TASK DESCRIPTION: Within the entries below, the lines from the one with "Unfolded hat in" through the one with "Продаётся квартира-студия номер" are to be set down exactly, both ends kept.

RECORDS SHOWN:
--- --- ---

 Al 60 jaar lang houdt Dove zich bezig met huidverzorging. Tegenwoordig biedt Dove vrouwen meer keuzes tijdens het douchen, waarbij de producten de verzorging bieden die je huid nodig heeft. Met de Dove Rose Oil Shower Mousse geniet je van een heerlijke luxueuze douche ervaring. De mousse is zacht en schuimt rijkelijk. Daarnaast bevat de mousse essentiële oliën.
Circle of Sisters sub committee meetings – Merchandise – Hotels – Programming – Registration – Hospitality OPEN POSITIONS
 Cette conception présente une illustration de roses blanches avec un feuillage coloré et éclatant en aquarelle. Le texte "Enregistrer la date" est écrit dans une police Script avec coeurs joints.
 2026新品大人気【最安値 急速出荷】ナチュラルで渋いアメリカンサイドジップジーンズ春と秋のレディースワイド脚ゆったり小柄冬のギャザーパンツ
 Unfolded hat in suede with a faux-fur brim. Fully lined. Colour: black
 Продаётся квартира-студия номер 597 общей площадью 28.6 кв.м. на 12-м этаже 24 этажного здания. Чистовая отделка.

--- --- ---

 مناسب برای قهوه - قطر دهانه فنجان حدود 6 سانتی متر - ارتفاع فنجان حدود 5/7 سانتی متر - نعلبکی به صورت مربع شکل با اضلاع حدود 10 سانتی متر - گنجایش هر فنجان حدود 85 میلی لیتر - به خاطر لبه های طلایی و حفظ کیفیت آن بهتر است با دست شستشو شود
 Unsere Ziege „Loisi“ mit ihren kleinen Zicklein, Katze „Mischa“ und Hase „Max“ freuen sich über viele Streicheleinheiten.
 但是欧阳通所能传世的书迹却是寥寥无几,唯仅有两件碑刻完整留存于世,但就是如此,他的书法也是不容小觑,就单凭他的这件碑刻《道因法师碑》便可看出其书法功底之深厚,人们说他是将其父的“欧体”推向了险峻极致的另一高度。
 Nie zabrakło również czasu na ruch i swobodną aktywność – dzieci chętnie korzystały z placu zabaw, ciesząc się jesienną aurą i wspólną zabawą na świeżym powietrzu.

--- --- ---

RESULT OF THE EXERCISE:
 Unfolded hat in suede with a faux-fur brim. Fully lined. Colour: black
 Продаётся квартира-студия номер 597 общей площадью 28.6 кв.м. на 12-м этаже 24 этажного здания. Чистовая отделка.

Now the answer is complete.